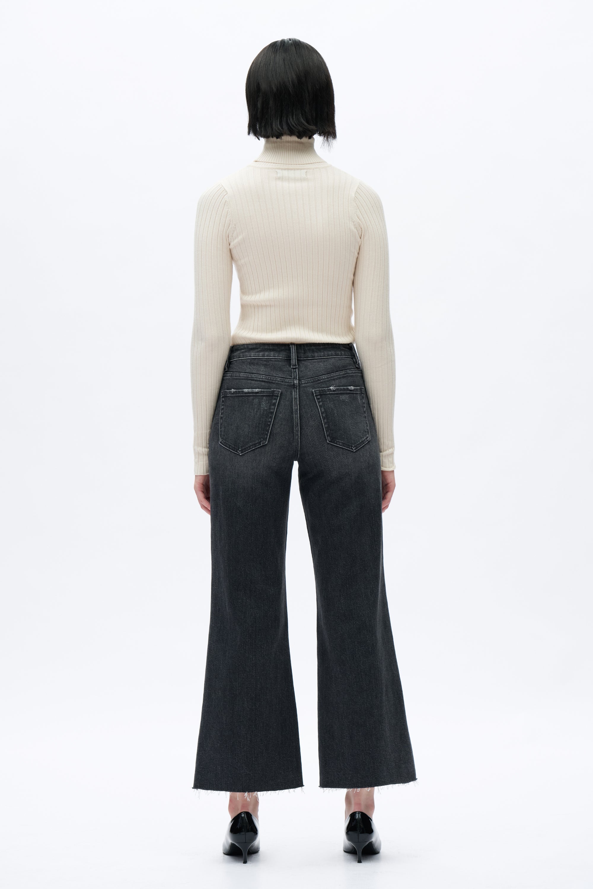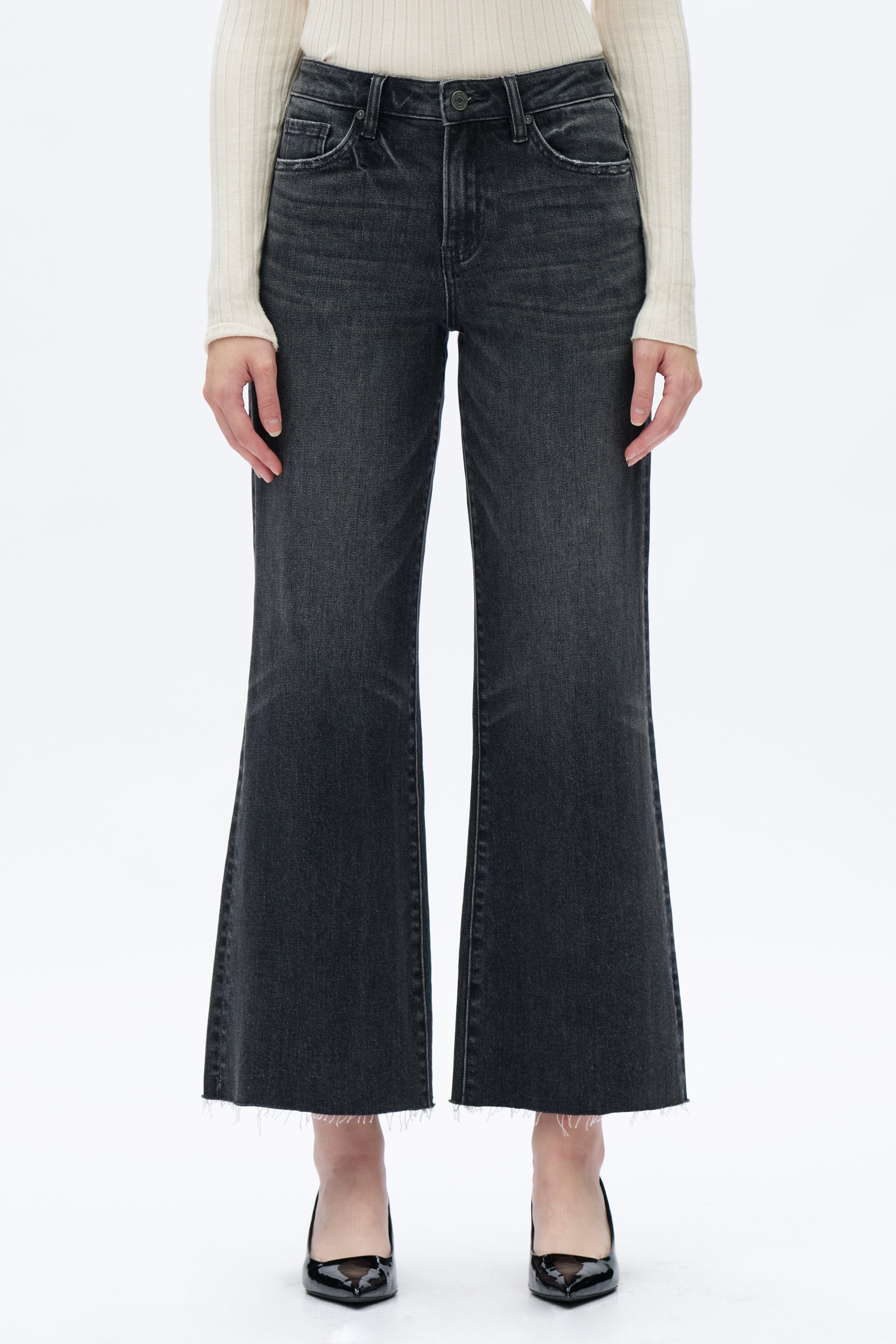 These jeans feature a mid-rise fit and a relaxed wide leg that ends in a raw, frayed hem. The dark black wash has a subtle, worn-in fade.
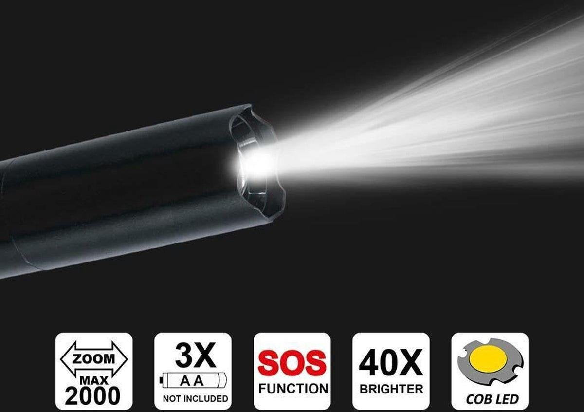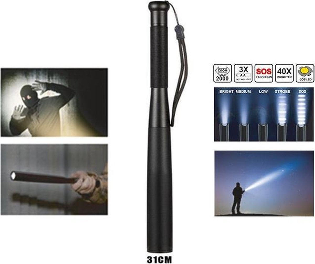 There are flashlights, and flashlights. This military-spec XXXL aluminum model is the ultimate powerhouse. No one will regret this purchase, as this baseball bat-shaped flashlight is even used by the US military. Even if you're not on a military mission and just want to stay safe in your own home, this flashlight is ideal. Safety First - Protection in the Dark. Burglaries and other forms of crime are a major concern. Fortunately, this seriously sized flashlight helps everyone sleep much better. Do you also want to be optimally prepared for danger? With this military-grade flashlight, you can disorient intruders while enjoying crystal-clear vision. Prepared for Anything - Durable and Powerful. This waterproof model is up to 40 times more powerful than a regular flashlight. Thanks to COB LED technology, even the most extreme situations pose no danger. Whether you just want to walk around the campsite, go on a scavenger hunt in the dark, or just put this flashlight in your meter box for safety, you're prepared for anything. Benefits:
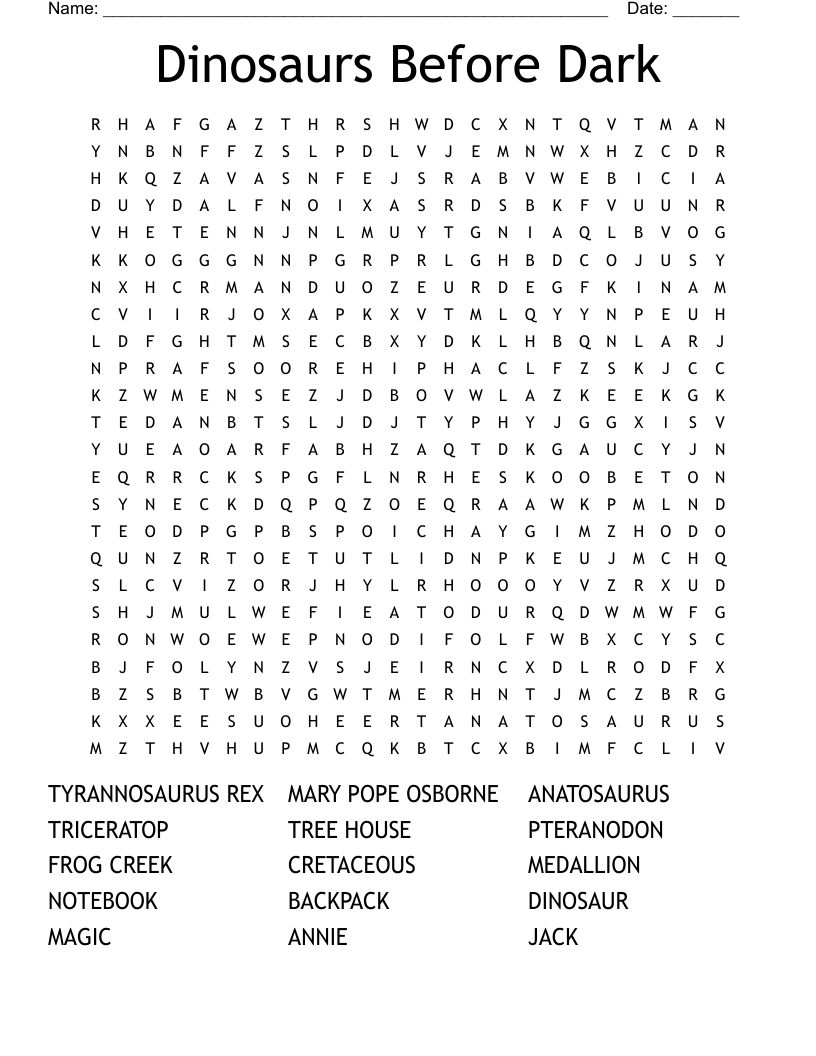 Dinosaurs Before Dark Word Search WordMint
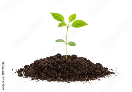 A small green plant growing out of a pile of dark soil against a plain white background studio shot
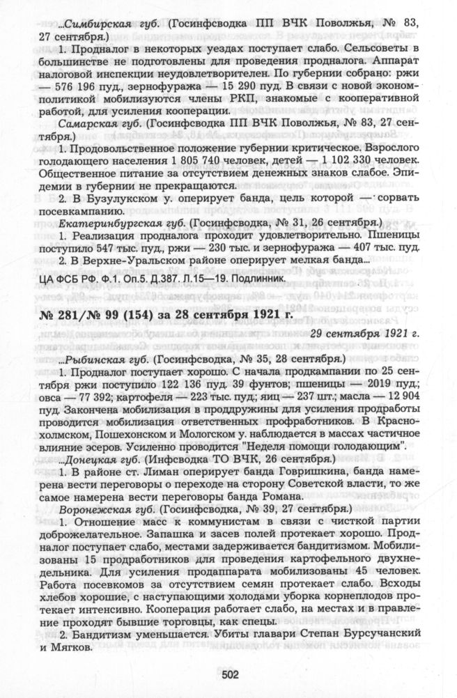 Из госинфсводки информационного отдела ВЧК № 99 (154) за 28 сентября 1921 г. 29 сентября 1921 г. // ЦА ФСБ РФ. Ф.1. Оп.5. Д.387. Л.12—14. Подлинник.
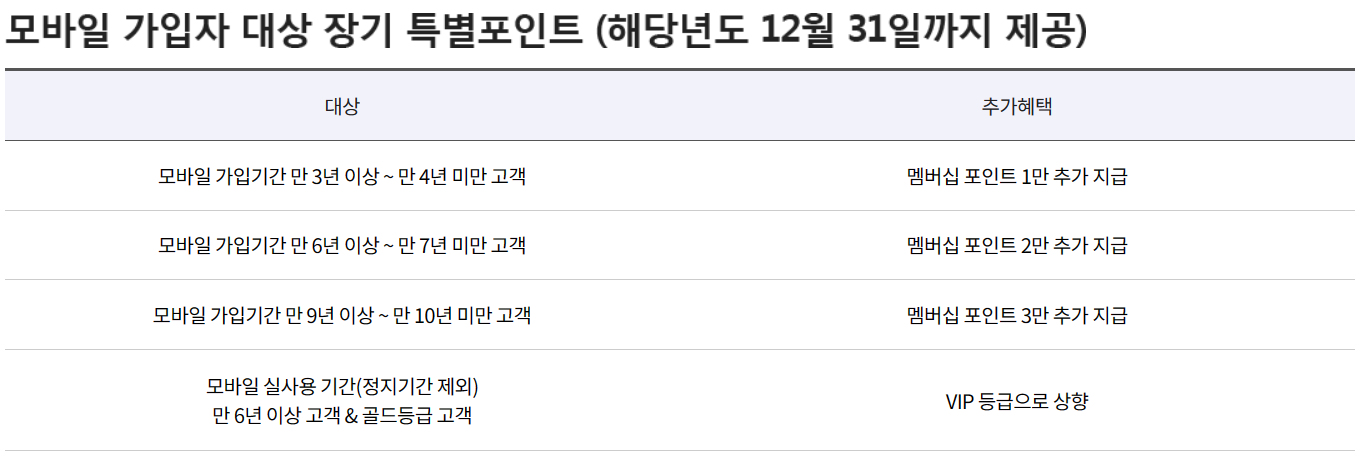| VVIP | 150,000P | 연간이용금액 200만원 이상 또는 VVIP요금제 가입자 대상 - 초이스 프리미엄, 초이스 스페셜, 스페셜 등 |
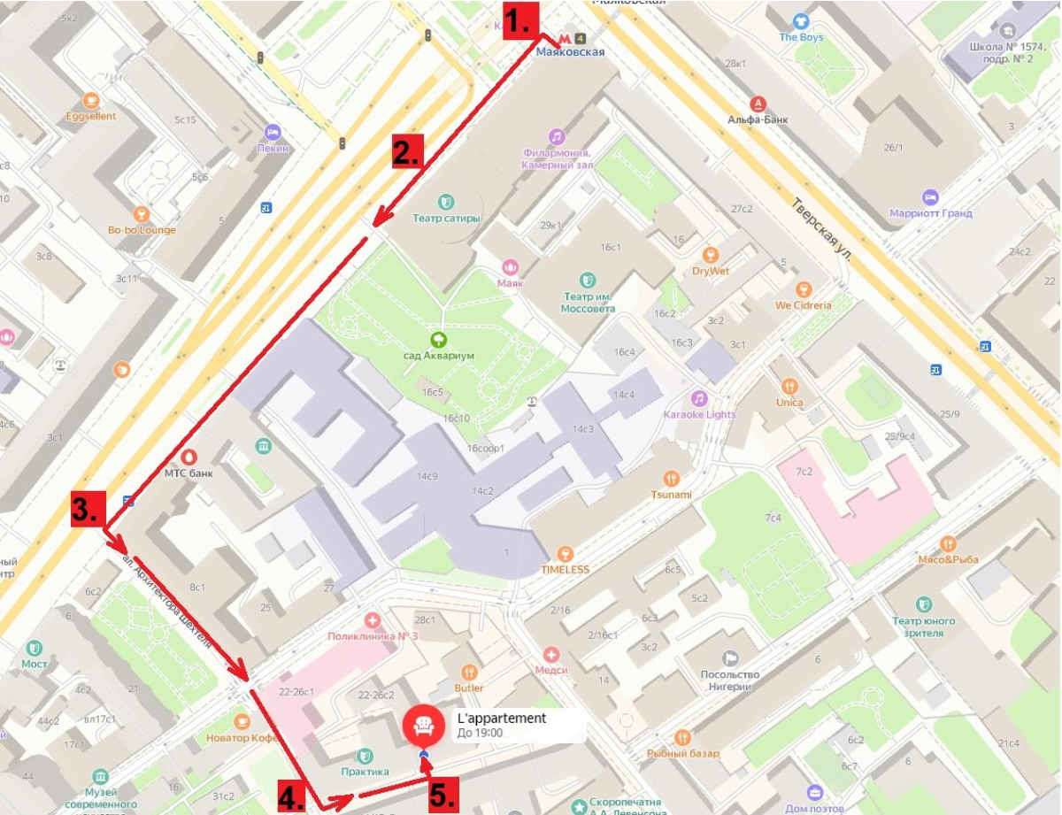 На общественном транспорте:Выходите на остановке "Метро Маяковская", идете по аллея Архитектора Шехтеля 230 метров прямо (в сторону Трехпрудного переулка), поворачиваете налево на Трехпрудный переулок, далее слева 5-ти этажное здание, Вы на месте!
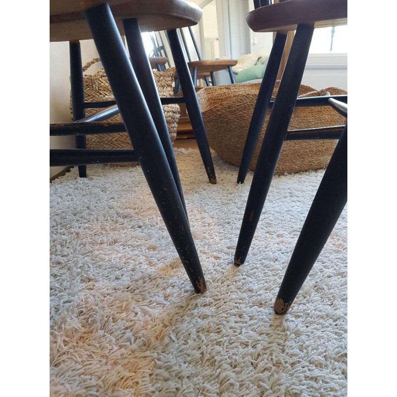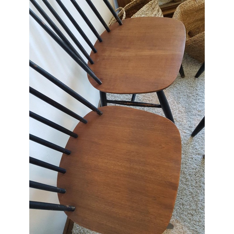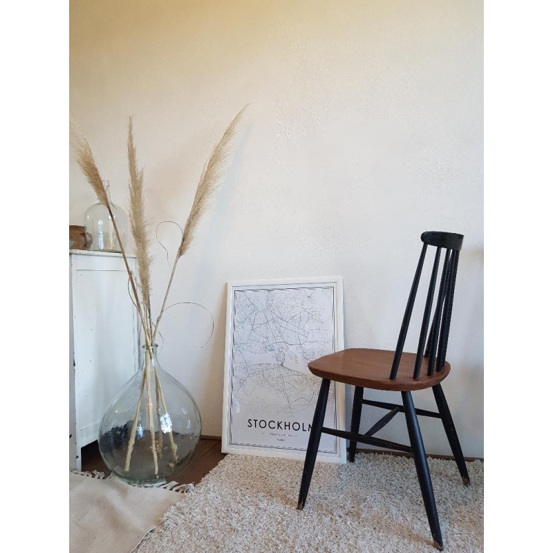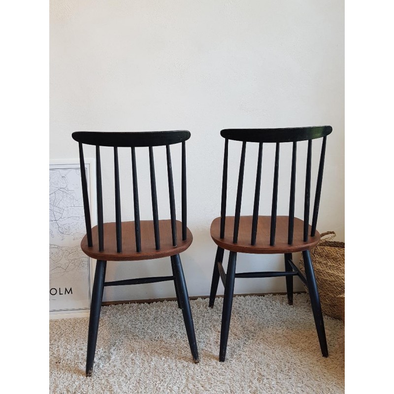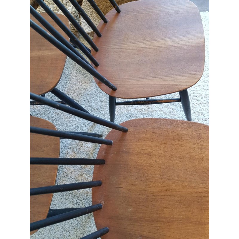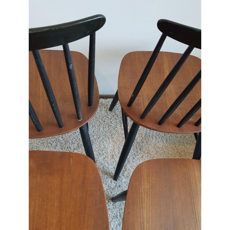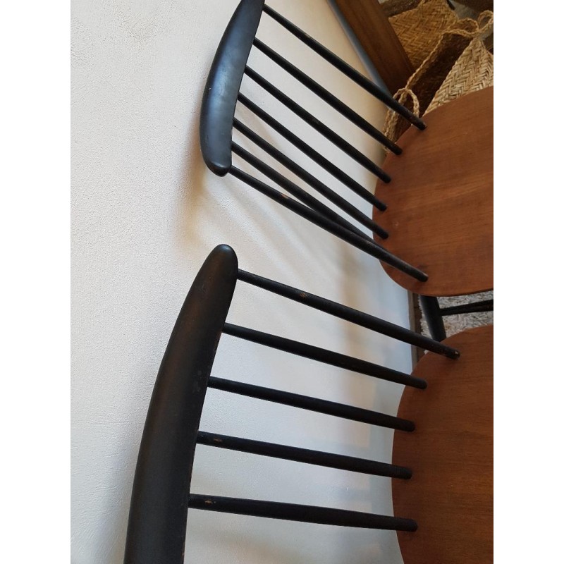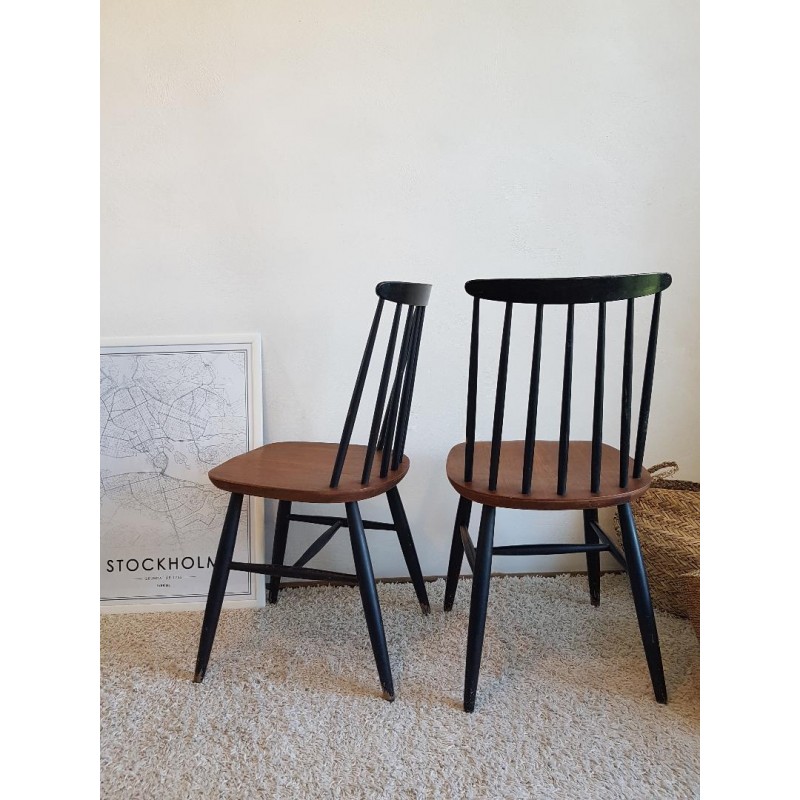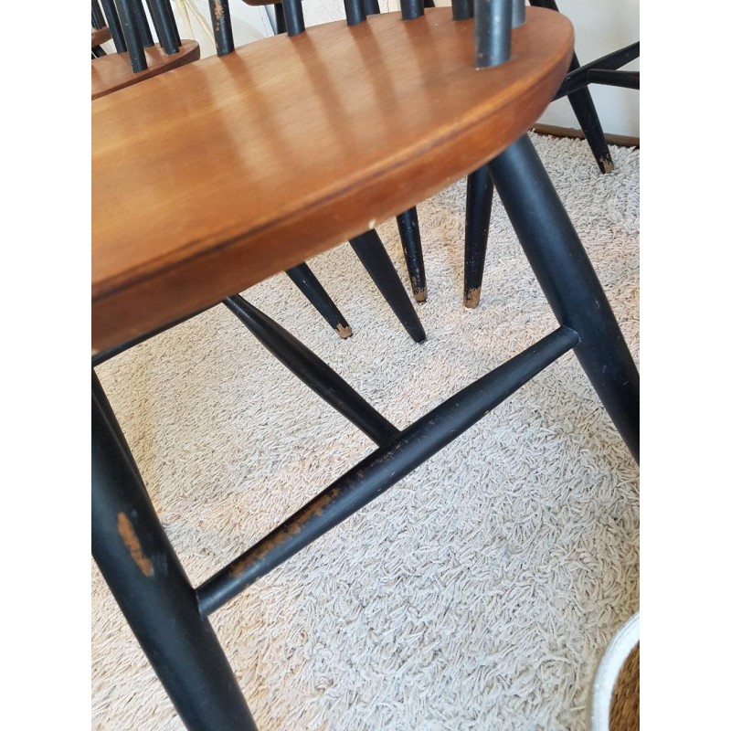 Suite de 6 chaises années 60 dans l'esprit du modèle Fannet de I.Tapiovaara. Stables. En bon état général . Quelques traces usuelles (cf photos) comme par exemple la peinture noire d'époque qui est "used" à certains endroits ce qui participe à la belle patine de l'ensemble.

WORK INSTRUCTIONS: Repeat, without pictures, exactly the lines of the data above from the one containing "A small green" through the one containing "На общественном транспорте:Выходите", including both and adding nothing.

SOLVED PROBLEM:
 A small green plant growing out of a pile of dark soil against a plain white background studio shot
 Из госинфсводки информационного отдела ВЧК № 99 (154) за 28 сентября 1921 г. 29 сентября 1921 г. // ЦА ФСБ РФ. Ф.1. Оп.5. Д.387. Л.12—14. Подлинник.
| VVIP | 150,000P | 연간이용금액 200만원 이상 또는 VVIP요금제 가입자 대상 - 초이스 프리미엄, 초이스 스페셜, 스페셜 등 |
 На общественном транспорте:Выходите на остановке "Метро Маяковская", идете по аллея Архитектора Шехтеля 230 метров прямо (в сторону Трехпрудного переулка), поворачиваете налево на Трехпрудный переулок, далее слева 5-ти этажное здание, Вы на месте!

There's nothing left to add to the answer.